TASK GOAL: Although the data below contains pictures, output only the lines between those holding "1994年公司從美國、瑞士引" and "CAHIMS Unit Six", inclusive, exactly and without those pictures.

PROVIDED RECORDS:
┌──

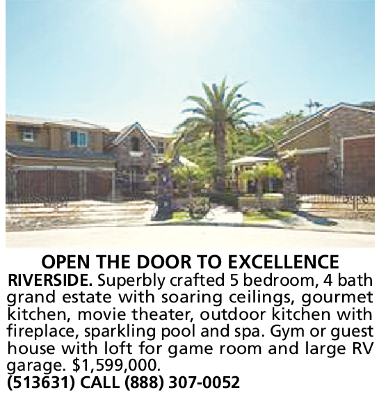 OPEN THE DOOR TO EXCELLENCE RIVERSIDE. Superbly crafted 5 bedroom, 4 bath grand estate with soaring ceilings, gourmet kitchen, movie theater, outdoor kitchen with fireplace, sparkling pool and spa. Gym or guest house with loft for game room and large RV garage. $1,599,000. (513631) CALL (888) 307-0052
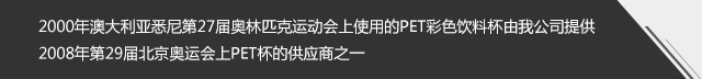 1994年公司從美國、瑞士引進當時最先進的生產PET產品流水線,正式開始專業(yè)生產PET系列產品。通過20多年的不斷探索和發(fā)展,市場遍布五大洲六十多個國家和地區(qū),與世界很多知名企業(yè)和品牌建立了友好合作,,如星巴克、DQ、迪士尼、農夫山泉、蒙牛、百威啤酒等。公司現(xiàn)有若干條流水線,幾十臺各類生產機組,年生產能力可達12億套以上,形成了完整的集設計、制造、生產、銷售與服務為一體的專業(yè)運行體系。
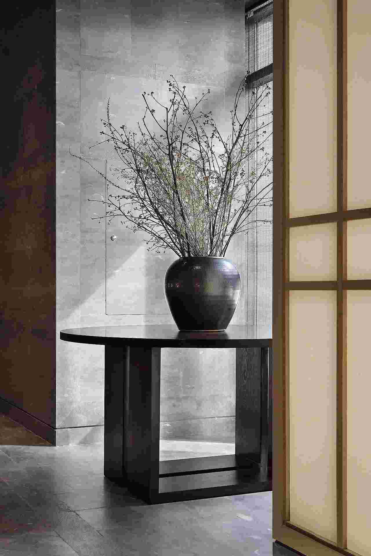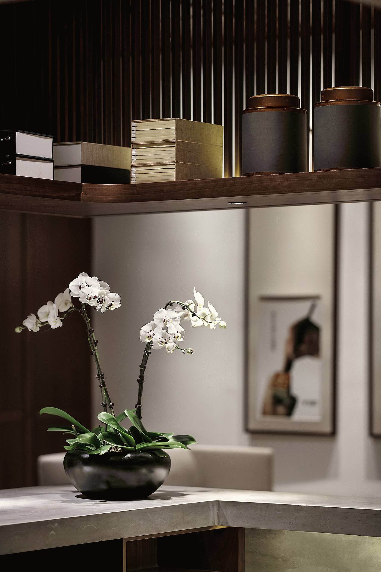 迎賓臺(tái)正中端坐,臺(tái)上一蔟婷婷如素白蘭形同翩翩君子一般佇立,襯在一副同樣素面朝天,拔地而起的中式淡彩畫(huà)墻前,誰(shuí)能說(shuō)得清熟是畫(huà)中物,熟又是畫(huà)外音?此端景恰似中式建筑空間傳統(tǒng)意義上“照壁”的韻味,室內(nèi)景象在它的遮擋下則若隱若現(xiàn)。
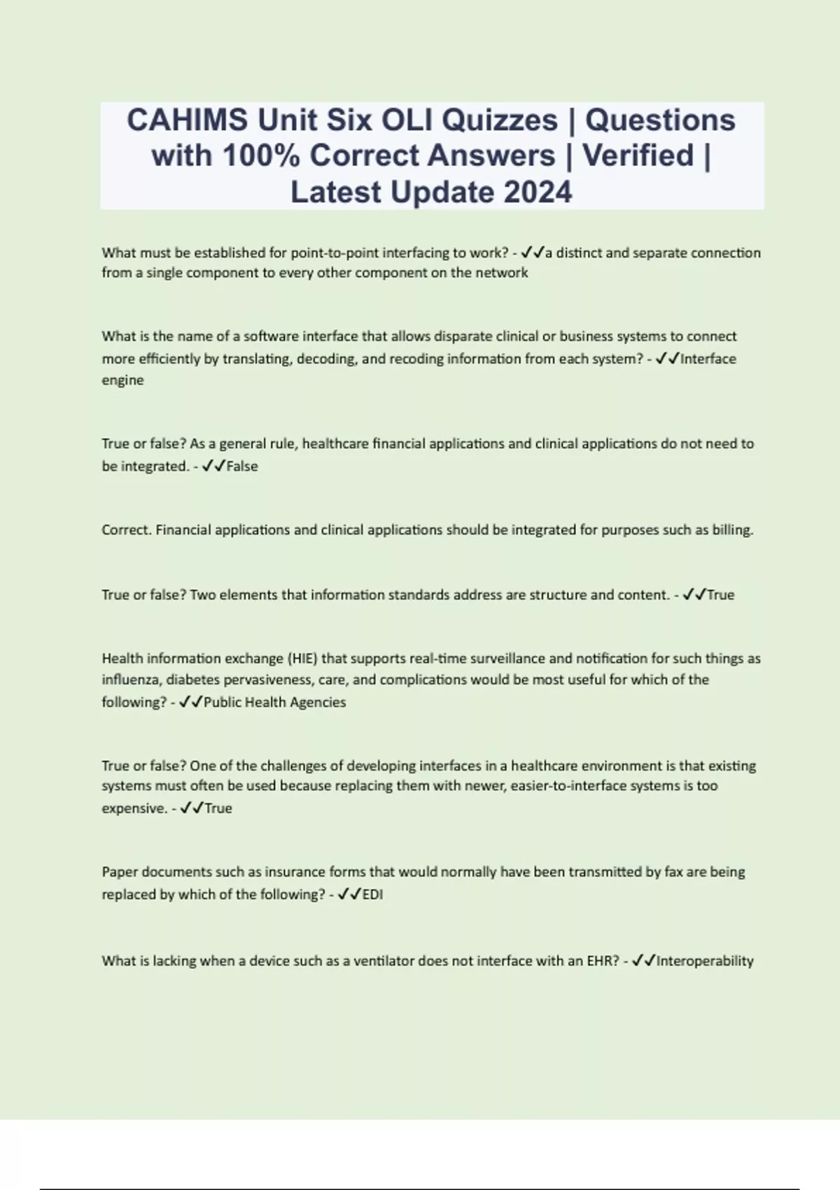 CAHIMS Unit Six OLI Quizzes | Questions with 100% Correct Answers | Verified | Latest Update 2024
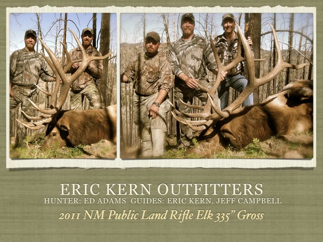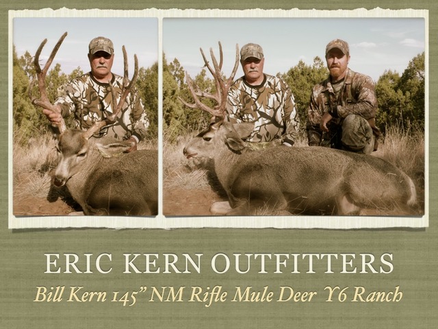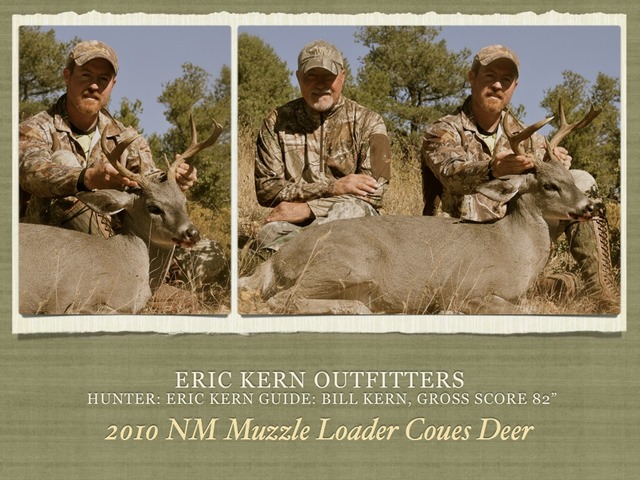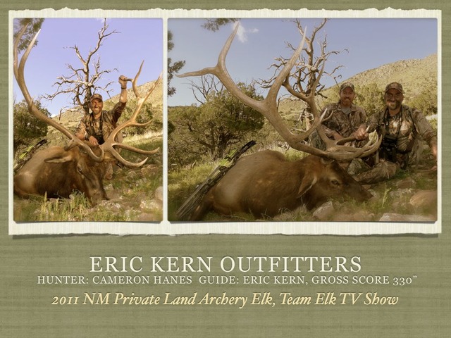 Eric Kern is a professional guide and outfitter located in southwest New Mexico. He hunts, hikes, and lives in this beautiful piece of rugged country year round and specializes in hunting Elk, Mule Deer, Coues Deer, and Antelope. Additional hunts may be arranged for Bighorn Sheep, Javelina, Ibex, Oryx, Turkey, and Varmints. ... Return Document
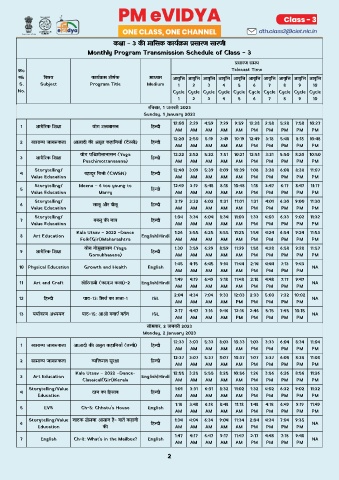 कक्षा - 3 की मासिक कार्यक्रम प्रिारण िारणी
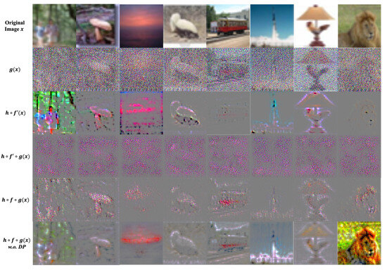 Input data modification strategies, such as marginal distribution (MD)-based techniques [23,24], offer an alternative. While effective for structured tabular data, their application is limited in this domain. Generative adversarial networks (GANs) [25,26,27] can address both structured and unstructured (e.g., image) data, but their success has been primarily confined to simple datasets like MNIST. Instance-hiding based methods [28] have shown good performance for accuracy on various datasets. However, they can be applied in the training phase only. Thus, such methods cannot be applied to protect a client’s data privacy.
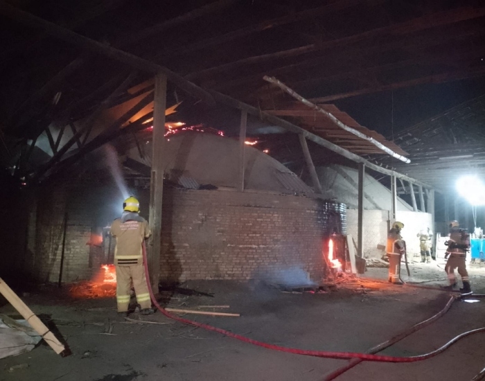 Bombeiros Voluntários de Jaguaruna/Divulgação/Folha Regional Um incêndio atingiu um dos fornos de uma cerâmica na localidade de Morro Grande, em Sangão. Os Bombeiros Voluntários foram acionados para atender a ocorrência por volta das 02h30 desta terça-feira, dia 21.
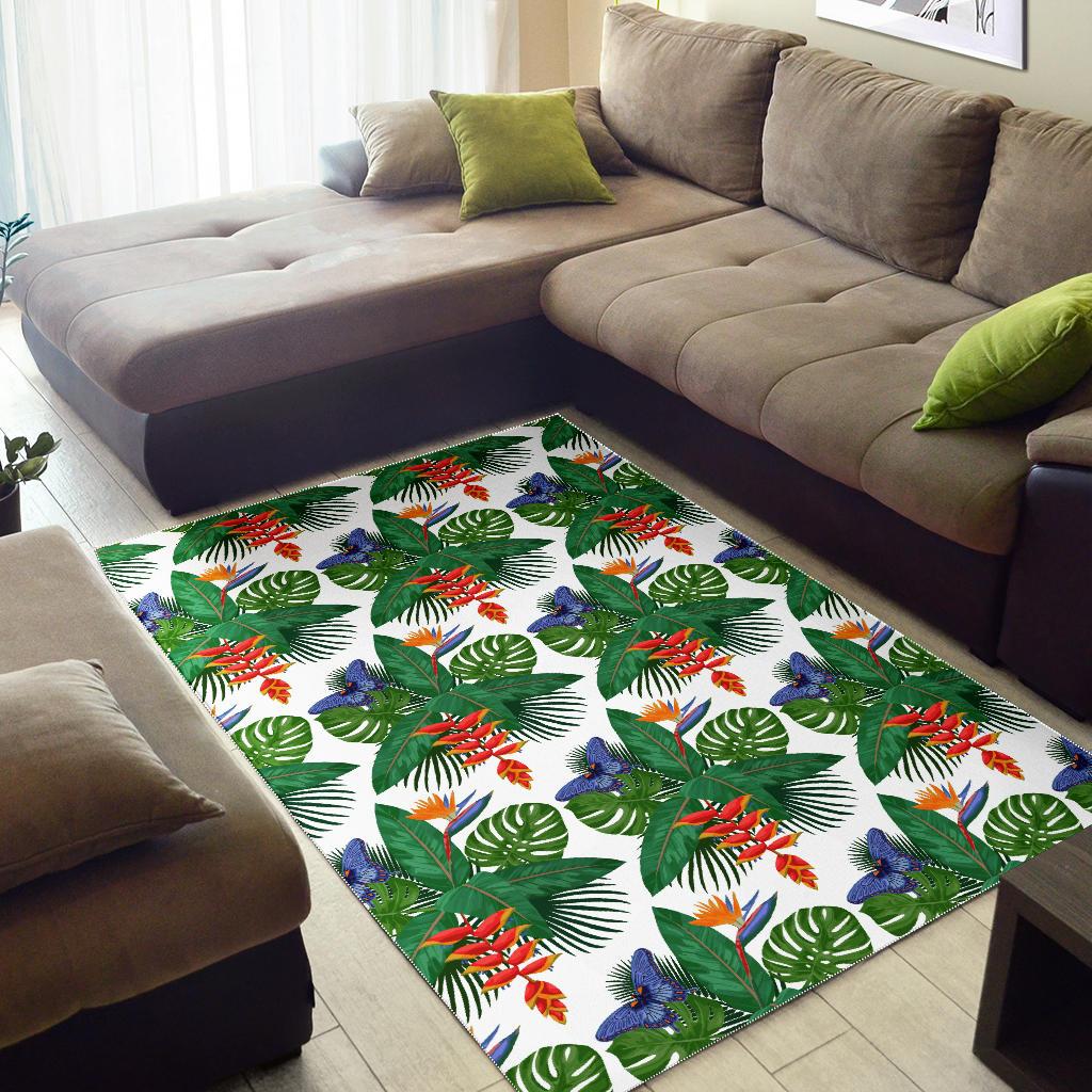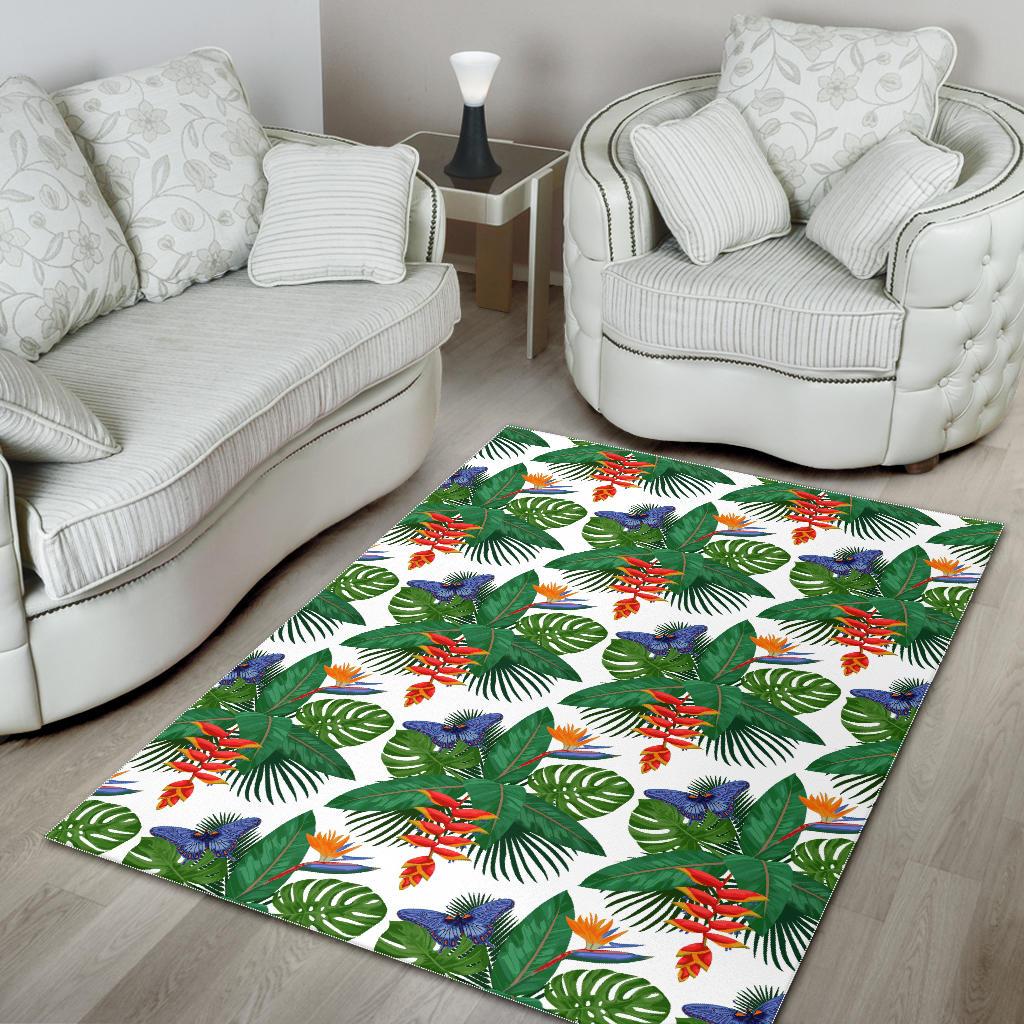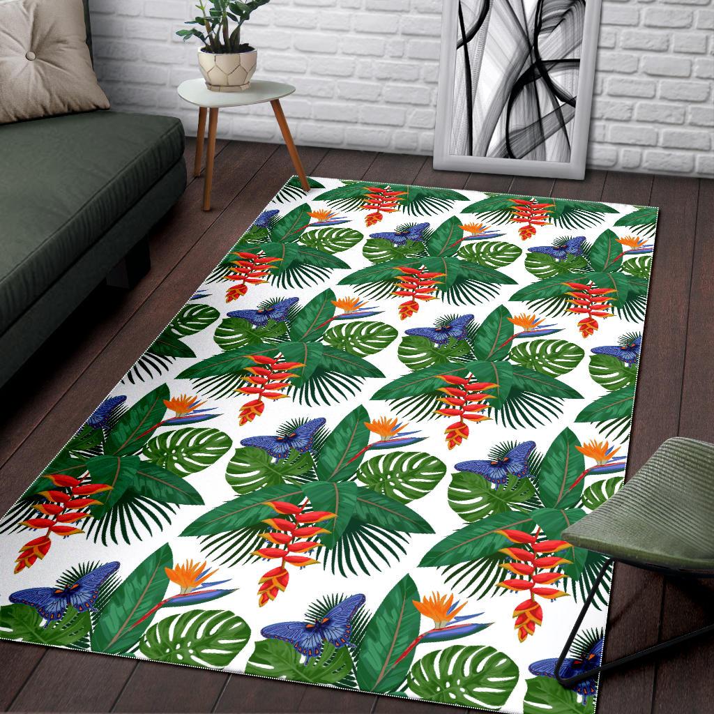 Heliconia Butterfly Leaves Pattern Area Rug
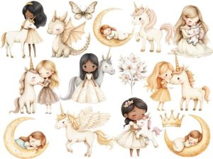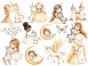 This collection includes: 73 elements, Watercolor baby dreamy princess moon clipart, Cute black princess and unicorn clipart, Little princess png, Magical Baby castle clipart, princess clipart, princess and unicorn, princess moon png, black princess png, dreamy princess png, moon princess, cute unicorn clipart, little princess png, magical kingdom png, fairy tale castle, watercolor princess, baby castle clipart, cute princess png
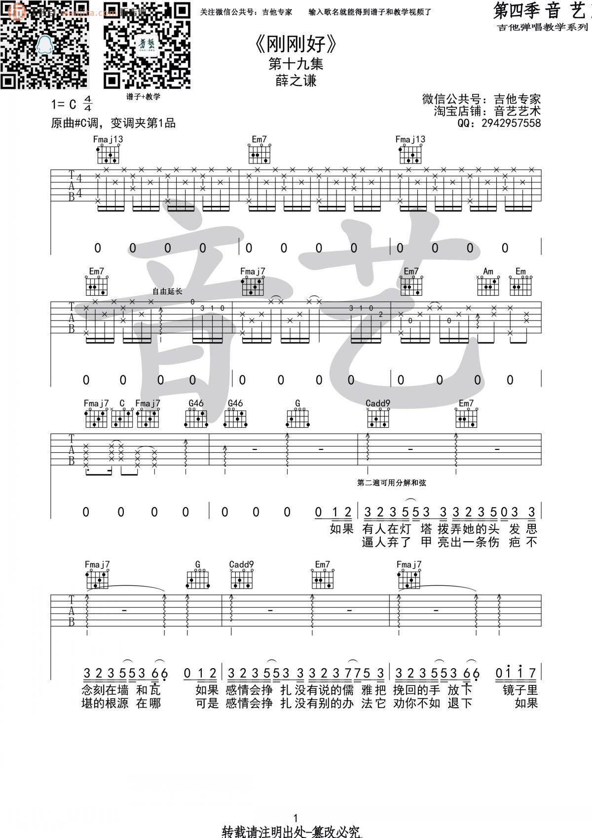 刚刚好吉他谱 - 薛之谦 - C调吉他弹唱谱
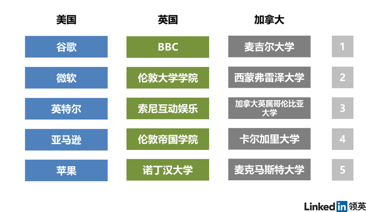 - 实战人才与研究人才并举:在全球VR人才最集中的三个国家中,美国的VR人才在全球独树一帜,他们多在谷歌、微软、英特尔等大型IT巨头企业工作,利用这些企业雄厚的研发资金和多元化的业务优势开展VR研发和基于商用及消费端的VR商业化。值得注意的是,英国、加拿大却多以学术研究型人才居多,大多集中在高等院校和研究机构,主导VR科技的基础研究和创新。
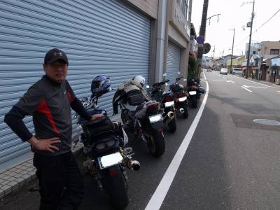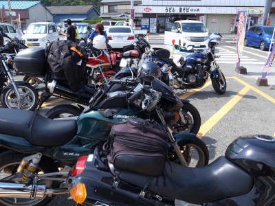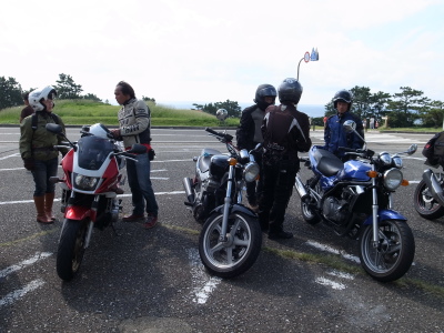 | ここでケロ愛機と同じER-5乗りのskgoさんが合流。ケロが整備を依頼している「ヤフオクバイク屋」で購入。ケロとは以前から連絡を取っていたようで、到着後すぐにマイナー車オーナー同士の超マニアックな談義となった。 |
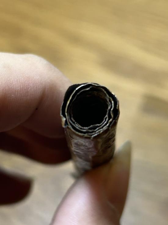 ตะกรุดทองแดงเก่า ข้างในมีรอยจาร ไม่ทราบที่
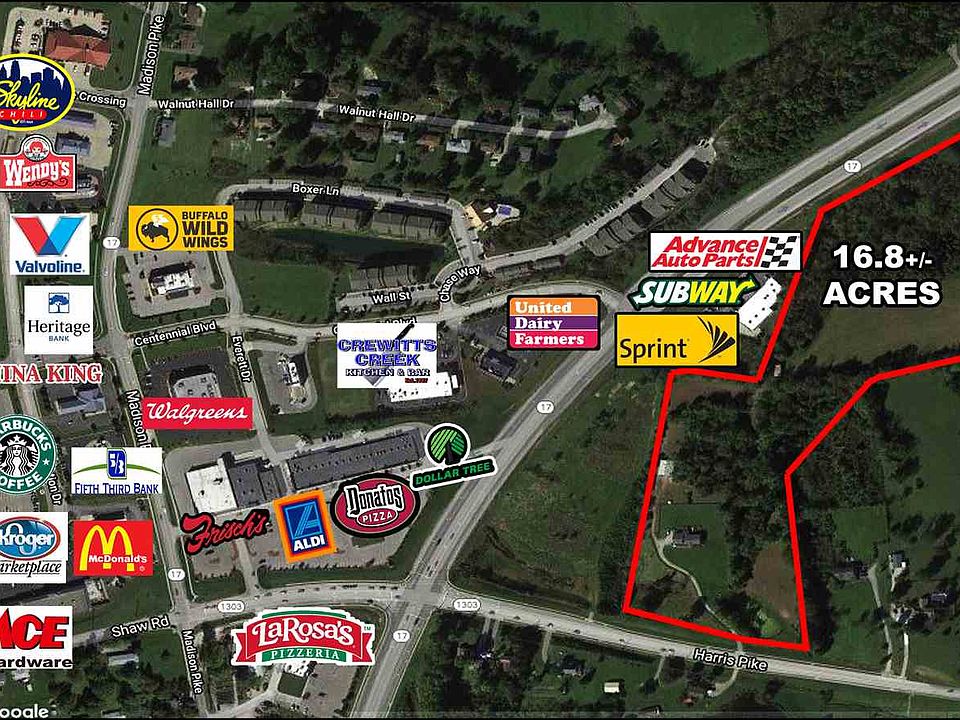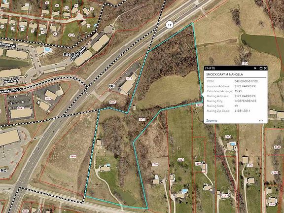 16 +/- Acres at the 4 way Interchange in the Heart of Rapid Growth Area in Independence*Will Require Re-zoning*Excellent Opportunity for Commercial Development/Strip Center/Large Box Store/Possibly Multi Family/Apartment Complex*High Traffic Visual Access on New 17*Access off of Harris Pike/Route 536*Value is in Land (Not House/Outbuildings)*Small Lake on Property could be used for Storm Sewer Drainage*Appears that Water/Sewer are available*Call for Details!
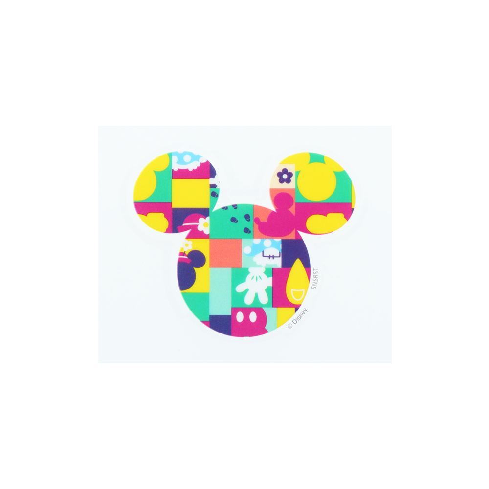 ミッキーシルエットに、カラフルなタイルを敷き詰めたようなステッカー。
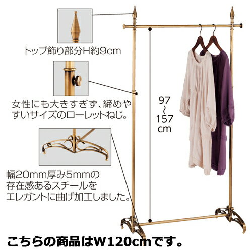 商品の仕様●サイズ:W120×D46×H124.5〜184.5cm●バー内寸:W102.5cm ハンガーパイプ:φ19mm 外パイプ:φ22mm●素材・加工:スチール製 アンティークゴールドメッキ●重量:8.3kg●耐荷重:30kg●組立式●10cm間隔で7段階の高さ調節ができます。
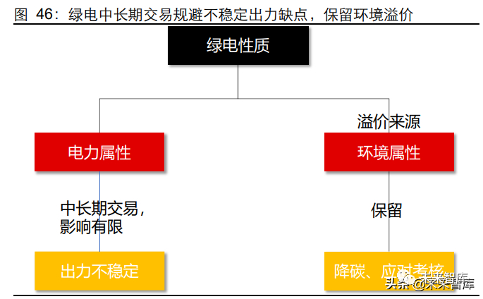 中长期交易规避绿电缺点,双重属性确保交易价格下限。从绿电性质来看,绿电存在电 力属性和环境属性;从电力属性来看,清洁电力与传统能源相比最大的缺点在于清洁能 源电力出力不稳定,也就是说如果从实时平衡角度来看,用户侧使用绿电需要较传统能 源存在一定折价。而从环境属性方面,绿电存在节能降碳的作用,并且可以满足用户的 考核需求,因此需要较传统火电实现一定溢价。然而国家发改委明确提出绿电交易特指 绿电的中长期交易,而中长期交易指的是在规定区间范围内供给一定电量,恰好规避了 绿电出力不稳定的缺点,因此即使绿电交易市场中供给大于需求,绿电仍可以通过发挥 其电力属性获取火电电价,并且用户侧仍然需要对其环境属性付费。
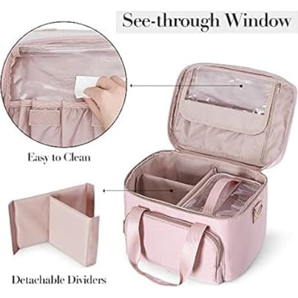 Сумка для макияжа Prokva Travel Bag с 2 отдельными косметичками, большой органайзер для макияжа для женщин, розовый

└──

RESULT OF THIS TASK:
 1994年公司從美國、瑞士引進當時最先進的生產PET產品流水線,正式開始專業(yè)生產PET系列產品。通過20多年的不斷探索和發(fā)展,市場遍布五大洲六十多個國家和地區(qū),與世界很多知名企業(yè)和品牌建立了友好合作,,如星巴克、DQ、迪士尼、農夫山泉、蒙牛、百威啤酒等。公司現(xiàn)有若干條流水線,幾十臺各類生產機組,年生產能力可達12億套以上,形成了完整的集設計、制造、生產、銷售與服務為一體的專業(yè)運行體系。
 迎賓臺(tái)正中端坐,臺(tái)上一蔟婷婷如素白蘭形同翩翩君子一般佇立,襯在一副同樣素面朝天,拔地而起的中式淡彩畫(huà)墻前,誰(shuí)能說(shuō)得清熟是畫(huà)中物,熟又是畫(huà)外音?此端景恰似中式建筑空間傳統(tǒng)意義上“照壁”的韻味,室內(nèi)景象在它的遮擋下則若隱若現(xiàn)。
 CAHIMS Unit Six OLI Quizzes | Questions with 100% Correct Answers | Verified | Latest Update 2024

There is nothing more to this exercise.